EXERCISE OBJECTIVE
The pictures stay out; all of the data is to be printed exactly.

*** Opening of DATA EXCERPTS ***

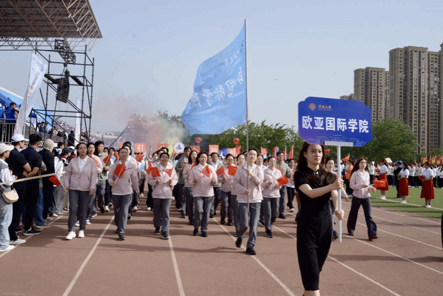 作为麻豆三级片 国际化办学的重要窗口,麻豆三级片 始终秉持“开放、创新、融合、引领”的精神。在本次运动会开幕式中,欧亚学子在节目“奋勇争先”里伴随着活力满满的音乐声,用整齐划一的动作与青春的热情为全校师生带来了一场视听盛宴,看台上欢呼不断,掌声雷动,同时这一充满朝气的节目演出也将运动会开幕式的氛围推上高潮!
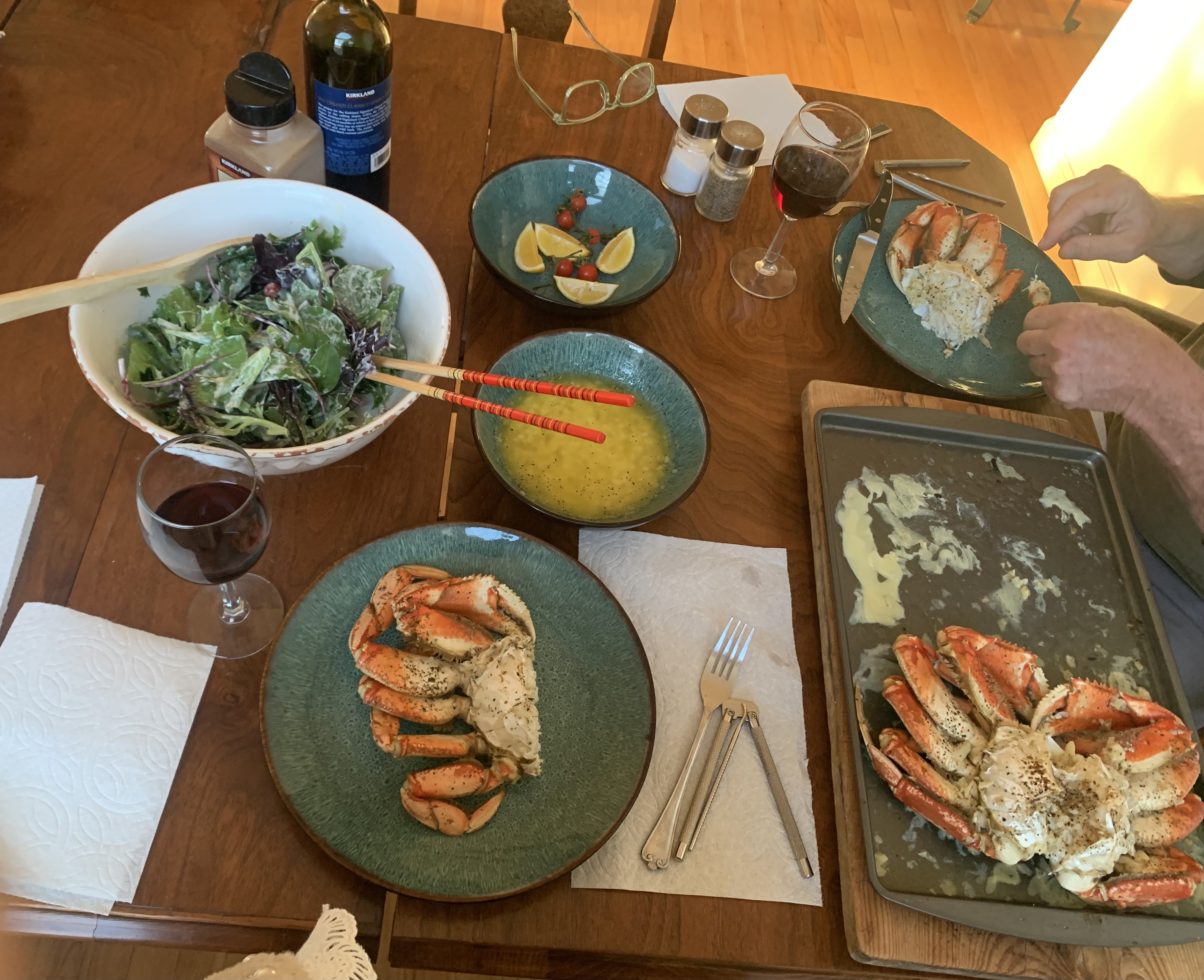 眼下正值美国的螃蟹🦀️季,昨天周日,我买了两只鲜活又肥美的大螃蟹🦀️,用新学到的方法制作了一款特别的料汁,搭配蟹肉,味道鲜美嫩滑,真是好吃到不要不要滴!😋😍当然,为了均衡营养,高蛋白的同时也少不了清爽的蔬菜沙拉🥗,螃蟹配沙拉,简直是天作之合!
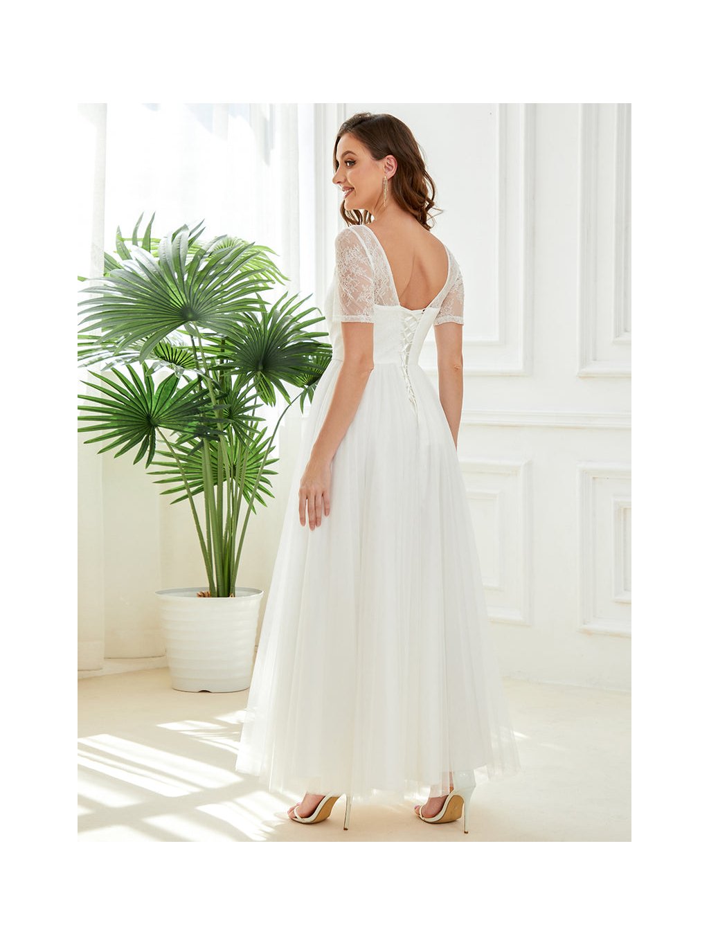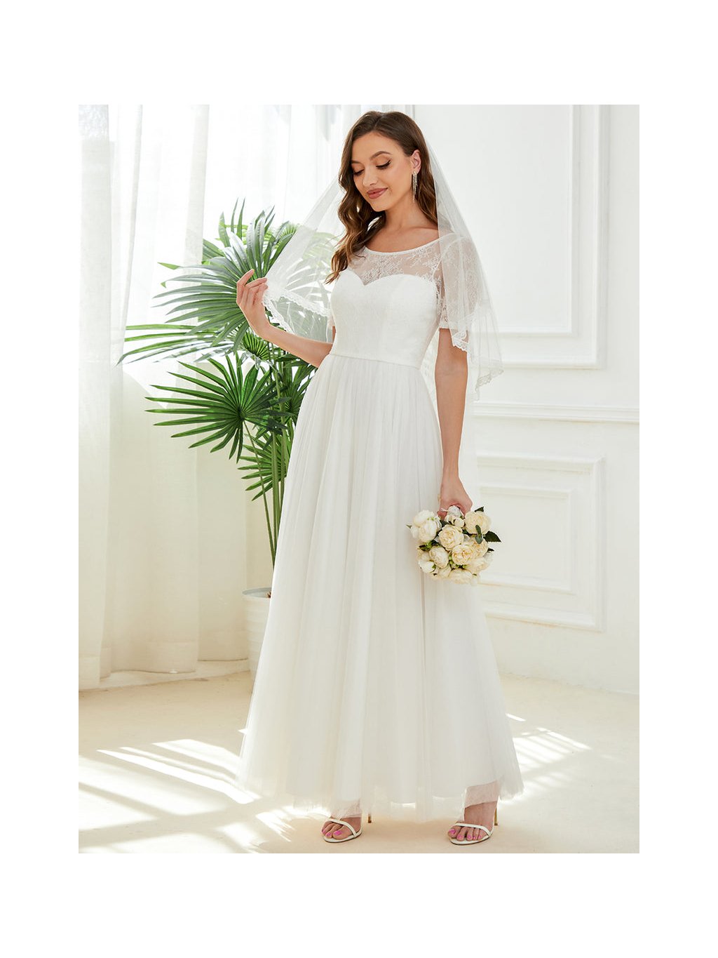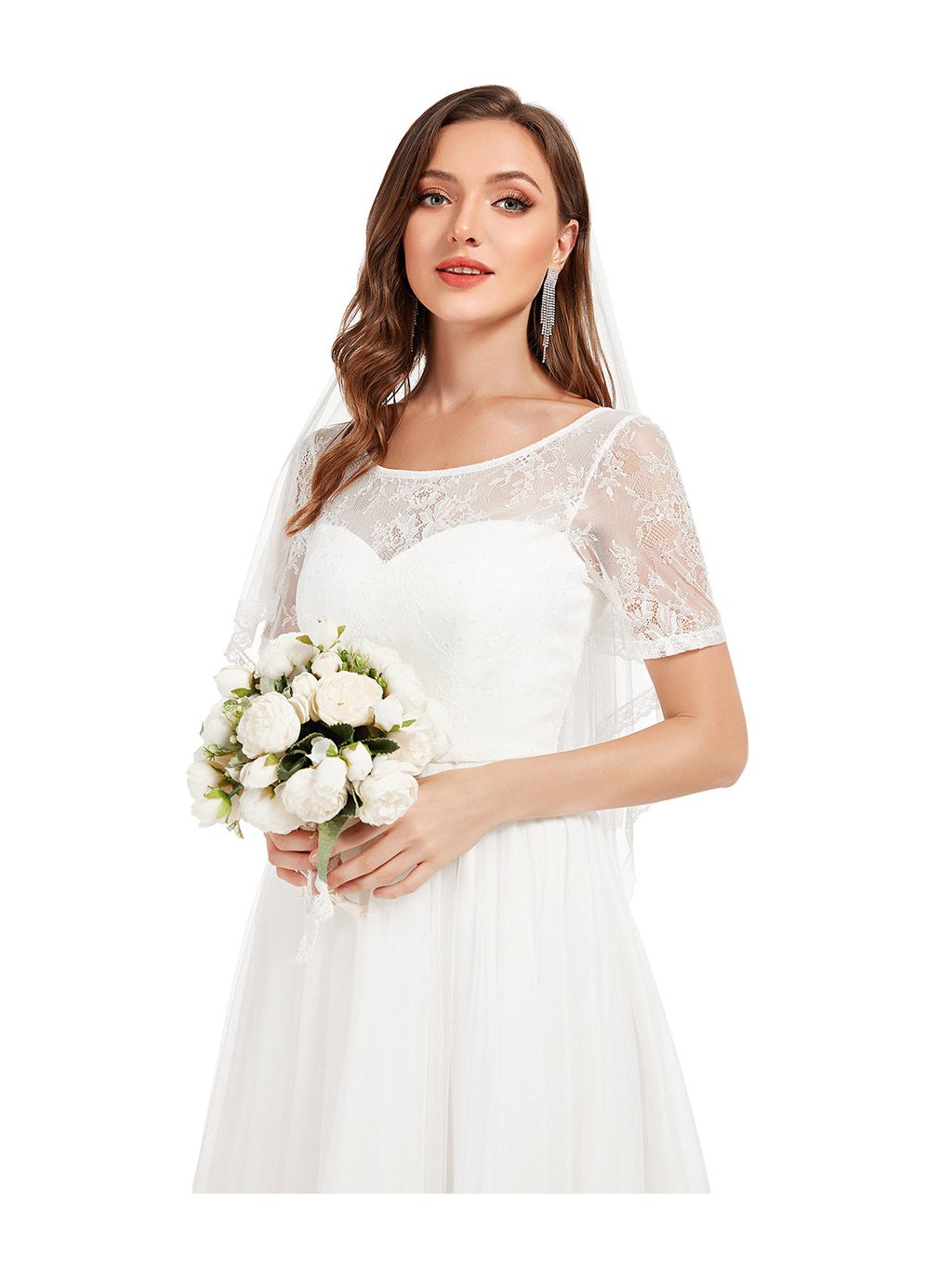Úchvatné svatební šaty Ever Pretty. Šaty mají vrchní díl zdobený krajkou. Mají 3/4 rukávy, na prsou kulatý výstřih a zádech mají hluboký véčkový výstřih a šněrování. Šaty mají velmi bohatší sukni, pro větší objem doporučujeme spodničku.
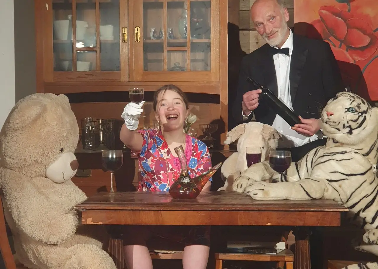 Allerdings ist das lustige Stück dieses Jahr runderneuert und auch für die nachwachsenden Generationen geeignet. Es wird Miss Sophies 9. Geburtstag gefeiert, ihre Gäste sind aus Plüsch und können natürlich nicht selber trinken. Das hat Butler James zu übernehmen. Es spielen Martha (auch Idee) und Peter Burri.
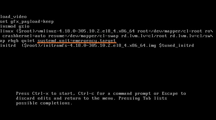 linux, после чего перейти в её конец — сделать это проще всего с помощью клавиши End или комбинации клавиш Ctrl + E. Затем, в эту строку следует вписать вписатьsystemd.unit=emergency.target.
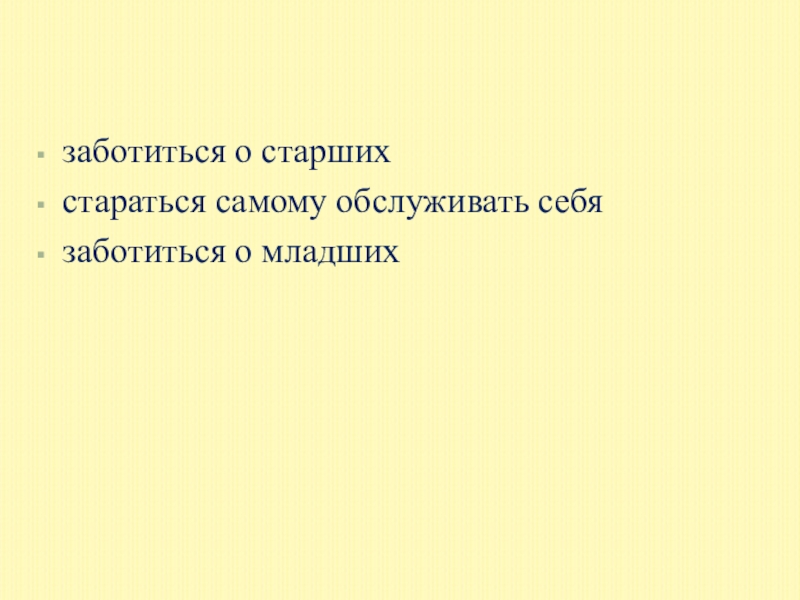 заботиться о старшихстараться самому обслуживать себязаботиться о младших
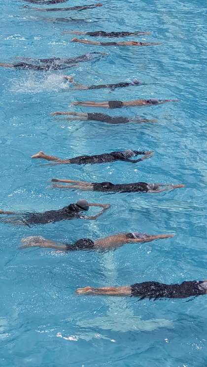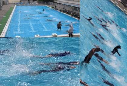 4限目は、5年1組のプールでした。クロールの練習をしました。プールの横を、息づぎに気をつけて泳いでいます。
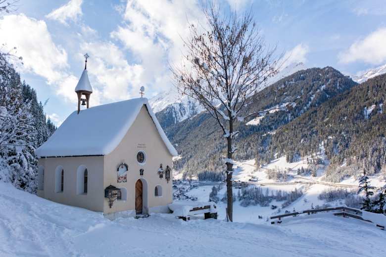 Eine idyllische Winterwanderung zur Rotwegkapelle (1805 erbaut) findet sich im Paznaun in Tirol. Kondition sollte man für den Anstieg schon mitbringen, von oben bietet sich ein herrlicher Ausblick auf das Paznauner Untertal.
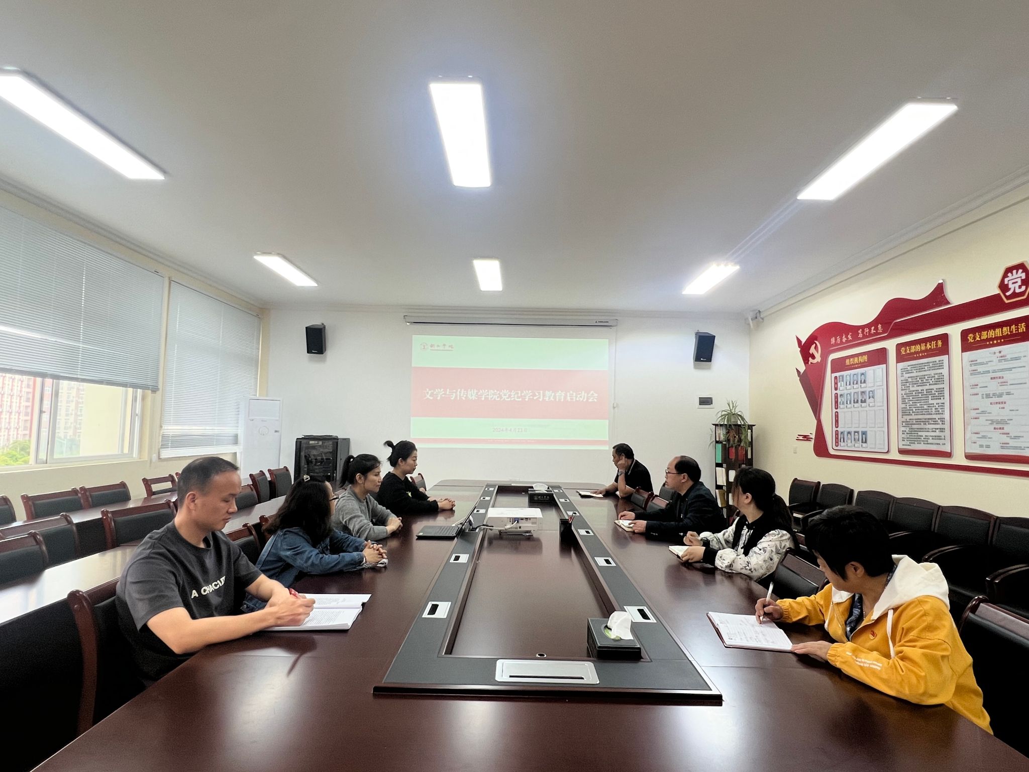 4月22日,文学与传媒学院党委在院会议室召开扩大会议启动部署党纪学习教育。院党委书记、院长孙向阳,党委副书记杨雪,党委委员、副院长张建刚、蒋小红出席会议,各科室、系和党支部负责人参加会议。
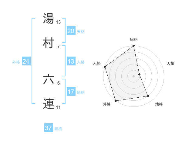 湯村 六連さんの総格は37画の5点!
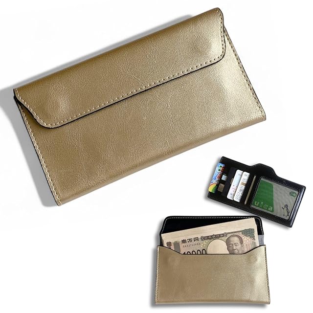《新品未開封》[nervousrhinos] 札束入れ 薄型 お札入れ ケース マグネットフラップ お札だけ入れる財布 メンズ レディース 本革 金色 通帳入れ 保管ケース gold
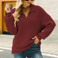 Custom Women's Fashion Sweaters|Long Sleeve Solid Color Sweater For Women| Loose Turn Down Neck Knitted Sweater
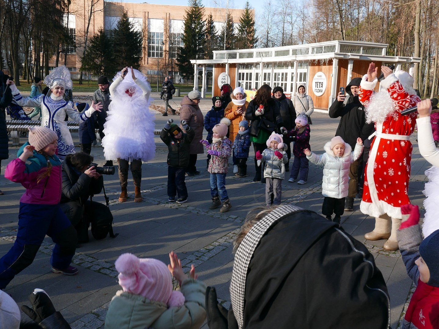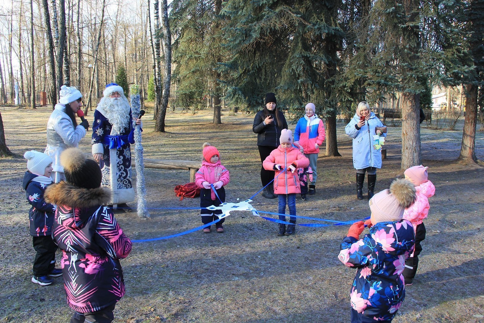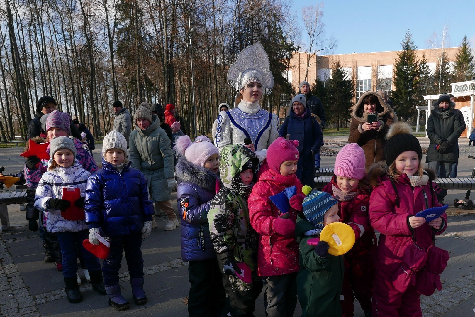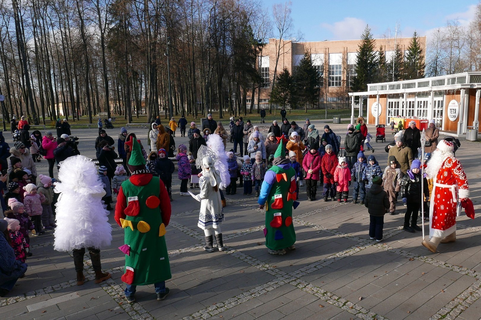 У главной сцены парка усадьбы «Кривякино» развернулось театрализованное представление, подготовленное сотрудниками ДК «Химик». Дед Мороз и Снегурочка развлекали больших и маленьких гостей парка, которые весело принимали участие в конкурсах и забавах.
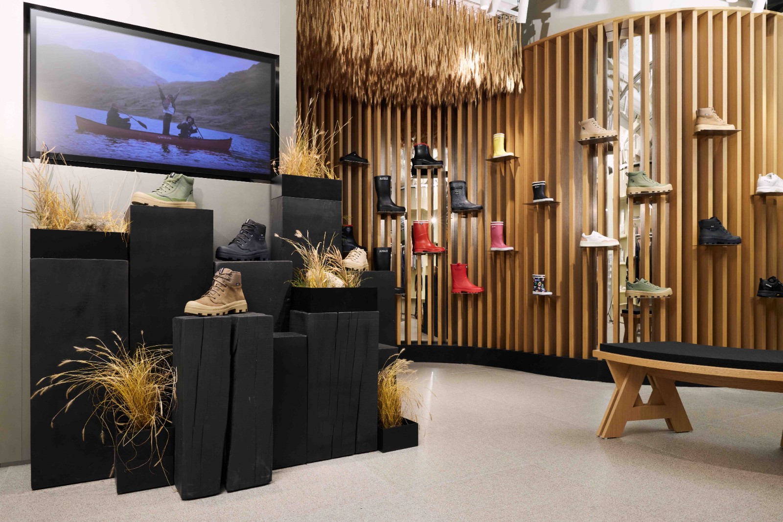 新店裝潢設計簡約俐落,將「大地」、「城市」和「大自然」元素融合,以大地暖色系為主,採用不鏽鋼、原木及其他可再生材料作配襯,表達出都市與大自然的意象對比。最注目是與環保創作品牌QUESTterrarium 、香港木庫 、OOObjec合作的藝術裝置,包括使用由香港本地回收的木材設計店內多個重點環保陳列裝置、將回收布料加工製成組合的展示衣櫃等。店內還有以本地回收木製成的橡膠樹藝術裝置,放置了模擬收集天然乳膠的過程,裝置延伸至擺放了不同的橡膠靴和鞋履的木條牆上,讓客人了製作天然橡膠鞋履與大自然密切的連繫。配上保鮮植物,播放的放鬆音樂、雨聲和戶外音效,從細節營造出大自然的氣息,強調「逃離城市,與大自然連繫」的新店概念。
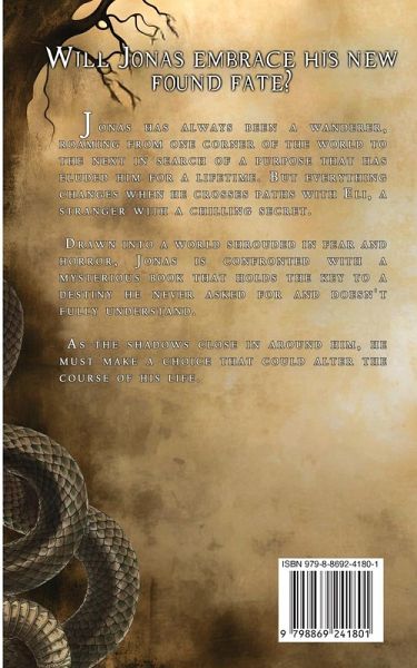 Jonas has always been a wanderer, roaming from one corner of the world to the next in search of a purpose that has eluded him for a lifetime. But everything changes when he crosses paths with Eli, a stranger with a chilling secret. Drawn into a world shrouded in fear and horror, Jonas is confronted with a mysterious book that holds the key to a destiny he never asked for. As the shadows close in around him, he must make a choice that will alter the course of his life, even though he doesn't fully understand the task at hand.
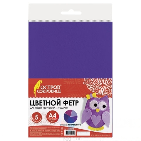 Цветной фетр для творчества, А4, ОСТРОВ СОКРОВИЩ, 5 листов, 5 цветов, толщина 2 мм, оттенки фиолетового, 660645

*** Close of DATA EXCERPTS ***

ANSWER SPACE
 作为麻豆三级片 国际化办学的重要窗口,麻豆三级片 始终秉持“开放、创新、融合、引领”的精神。在本次运动会开幕式中,欧亚学子在节目“奋勇争先”里伴随着活力满满的音乐声,用整齐划一的动作与青春的热情为全校师生带来了一场视听盛宴,看台上欢呼不断,掌声雷动,同时这一充满朝气的节目演出也将运动会开幕式的氛围推上高潮!
 眼下正值美国的螃蟹🦀️季,昨天周日,我买了两只鲜活又肥美的大螃蟹🦀️,用新学到的方法制作了一款特别的料汁,搭配蟹肉,味道鲜美嫩滑,真是好吃到不要不要滴!😋😍当然,为了均衡营养,高蛋白的同时也少不了清爽的蔬菜沙拉🥗,螃蟹配沙拉,简直是天作之合!
Úchvatné svatební šaty Ever Pretty. Šaty mají vrchní díl zdobený krajkou. Mají 3/4 rukávy, na prsou kulatý výstřih a zádech mají hluboký véčkový výstřih a šněrování. Šaty mají velmi bohatší sukni, pro větší objem doporučujeme spodničku.
 Allerdings ist das lustige Stück dieses Jahr runderneuert und auch für die nachwachsenden Generationen geeignet. Es wird Miss Sophies 9. Geburtstag gefeiert, ihre Gäste sind aus Plüsch und können natürlich nicht selber trinken. Das hat Butler James zu übernehmen. Es spielen Martha (auch Idee) und Peter Burri.
 linux, после чего перейти в её конец — сделать это проще всего с помощью клавиши End или комбинации клавиш Ctrl + E. Затем, в эту строку следует вписать вписатьsystemd.unit=emergency.target.
 заботиться о старшихстараться самому обслуживать себязаботиться о младших
 4限目は、5年1組のプールでした。クロールの練習をしました。プールの横を、息づぎに気をつけて泳いでいます。
 Eine idyllische Winterwanderung zur Rotwegkapelle (1805 erbaut) findet sich im Paznaun in Tirol. Kondition sollte man für den Anstieg schon mitbringen, von oben bietet sich ein herrlicher Ausblick auf das Paznauner Untertal.
 4月22日,文学与传媒学院党委在院会议室召开扩大会议启动部署党纪学习教育。院党委书记、院长孙向阳,党委副书记杨雪,党委委员、副院长张建刚、蒋小红出席会议,各科室、系和党支部负责人参加会议。
 湯村 六連さんの総格は37画の5点!
《新品未開封》[nervousrhinos] 札束入れ 薄型 お札入れ ケース マグネットフラップ お札だけ入れる財布 メンズ レディース 本革 金色 通帳入れ 保管ケース gold
 Custom Women's Fashion Sweaters|Long Sleeve Solid Color Sweater For Women| Loose Turn Down Neck Knitted Sweater
 У главной сцены парка усадьбы «Кривякино» развернулось театрализованное представление, подготовленное сотрудниками ДК «Химик». Дед Мороз и Снегурочка развлекали больших и маленьких гостей парка, которые весело принимали участие в конкурсах и забавах.
 新店裝潢設計簡約俐落,將「大地」、「城市」和「大自然」元素融合,以大地暖色系為主,採用不鏽鋼、原木及其他可再生材料作配襯,表達出都市與大自然的意象對比。最注目是與環保創作品牌QUESTterrarium 、香港木庫 、OOObjec合作的藝術裝置,包括使用由香港本地回收的木材設計店內多個重點環保陳列裝置、將回收布料加工製成組合的展示衣櫃等。店內還有以本地回收木製成的橡膠樹藝術裝置,放置了模擬收集天然乳膠的過程,裝置延伸至擺放了不同的橡膠靴和鞋履的木條牆上,讓客人了製作天然橡膠鞋履與大自然密切的連繫。配上保鮮植物,播放的放鬆音樂、雨聲和戶外音效,從細節營造出大自然的氣息,強調「逃離城市,與大自然連繫」的新店概念。
 Jonas has always been a wanderer, roaming from one corner of the world to the next in search of a purpose that has eluded him for a lifetime. But everything changes when he crosses paths with Eli, a stranger with a chilling secret. Drawn into a world shrouded in fear and horror, Jonas is confronted with a mysterious book that holds the key to a destiny he never asked for. As the shadows close in around him, he must make a choice that will alter the course of his life, even though he doesn't fully understand the task at hand.
 Цветной фетр для творчества, А4, ОСТРОВ СОКРОВИЩ, 5 листов, 5 цветов, толщина 2 мм, оттенки фиолетового, 660645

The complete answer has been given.